Your instructions
Output only the lines below from the one containing "Model 122 With Special 3 color dial" to the one containing "A low cost differential", exactly as written, both ends kept.

===== Information

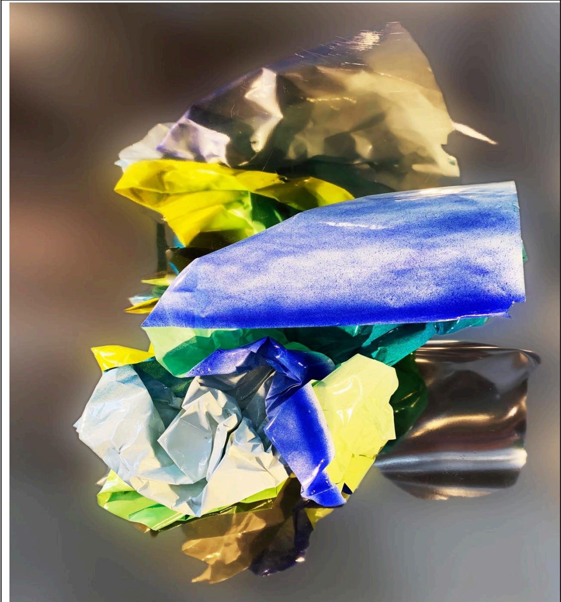
Figure 1: Anne Scott Wilson, 'Mimetic AI001, 2024, Melbourne 60 x 60 cms, digital print on Bartya photographic paper, ink, varnish

5 images of your work, or related works, with captions and photo credits in Chicago format. (A “hero image” should be nominated).
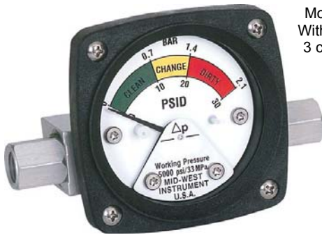
Model 122 With Special 3 color dial

A low cost differential pressure gauge for use in measuring the pressure drop across filters, strainers, separators, valves, pumps, chillers, etc., and for local flow indication and control.
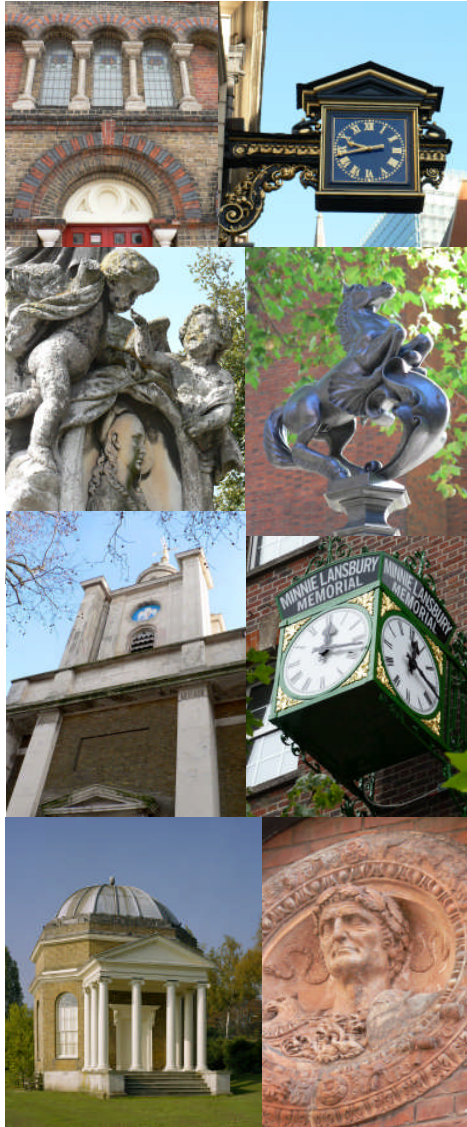
A selection of Restoration Schemes sponsored by the Heritage of London Trust From Top: The Space, Isle of Dogs; Clock, St Mary at Hill, City; Soyer Monument, Kensal Green Cemetery; Hippocampus, Mount Street Gardens Fountain, Westminster; Minnie Lansbury Memorial Clock, Bow; St John on Bethnal Green; Garrick's Temple, Hampton; Roundel of Roman Emperor, Hampton Court Palace.

==========

Exercise response
Model 122 With Special 3 color dial

A low cost differential pressure gauge for use in measuring the pressure drop across filters, strainers, separators, valves, pumps, chillers, etc., and for local flow indication and control.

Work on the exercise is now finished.